Now, I would venture that not all of us are as ambitious as Jen. We may not be tempted to abandon our duty in pursuit of greater holiness. But we abandon our duty all the same. Sometimes it's in pursuit of comfort. Or happiness. Or because we resent the work we need to do. Often it's because we don't believe that what we are doing has any intrinsic worth. A dear friend of mine asked this weekend, "How can cleaning up an endlessly messy house be any thing other than frustrating and tiresome?" (Or something close, I don't remember her exact words.)
Or when we do do our duty, we resent it. We indulge in angry and bitter thoughts as we go about our tasks, and we live for the moment when we can get away from it all.
Then we wonder why we are unhappy; why every break leaves us, not refreshed, but craving more breaks, resenting even more the duty in front of us. We neglect the house in order to "rest and recover" from a late night of web surfing. We nap at work in order to recover from a late night out. We turn in shoddy workmanship at school because we wanted to hang out with friends instead of study. And we find ourselves frustrated, and stressed, and depressed.
It's because we are neglecting our duties. It's because we don't believe that doing our duty matters. Especially us mothers. Everything around us screams, "You are wasting your time and your life!" Some don't know what this feels like and that's wonderful. But most mothers know what I'm talking about.
What was the point of my education when all I'm doing is wiping butts day after day?
Anyone could clean a house. Yet why do I find it so difficult to keep it clean?
I'm too smart to pick up after people who speak in grunts all day long.
I should be spending my time and energy doing something about the injustices of the world, rather than reading story books to a few privileged children.
Jen hits at the crux of the issue with this sentence.
I've found rest and peace in the knowledge that what God wants first and foremost is that I simply, lovingly fulfill the basic duties he's set in front of me as a wife and a mother.

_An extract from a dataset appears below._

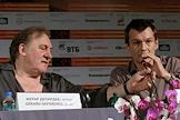 Французский актер с российским гражданством Жерар Депардье (слева) и режиссер Филипп Янковский (справа) на пресс-конференции, посвященной фильму закрытия 35-го Московского международного кинофестиваля "Распутин". Пресс-конференция прошла в Государственном театре киноактера.

The key to being happy in our roles is to trust that what we are doing matters. But that means understanding life from a perspective that isn't found much in modern culture. It's the idea that relationships matter more than accomplishments. That serving others is an act of love. That people are more important than things or tasks. At the end of our lives what will matter is how well we loved God and each other.
Jen also had this to say.
Too often I've insisted on forcing through my plans for holiness at the expense of my duties -- and almost every time all those big plans end up fizzling in front of me, leaving me in a worse place than where I started. Yet on the occasions that I've managed to be obedient to my duties first, it's been stunning to see how God has opened one unlikely door after another to allow me to fulfill those desires within the constraints of my vocation.In my experience it is the same with whatever I am seeking; happiness, peace, fulfillment, contentment. The path toward those good things lies through embracing and submitting myself joyfully to the duties I have before me and doing it with all my heart. The more I squirm and try to wriggle around them, the more miserable I become.
Faithfulness is the path through, and gratitude, I think, is the path to finding joy in those things that we have previously resented. If we can make a beginning in these two things, with the grace of God, the rest will follow.
to clarify: I'm not advocating working and serving to the point of neglecting one's own needs and health. I'm talking about balance, but that's for another post. Most often we are out of balance in the opposite direction I think.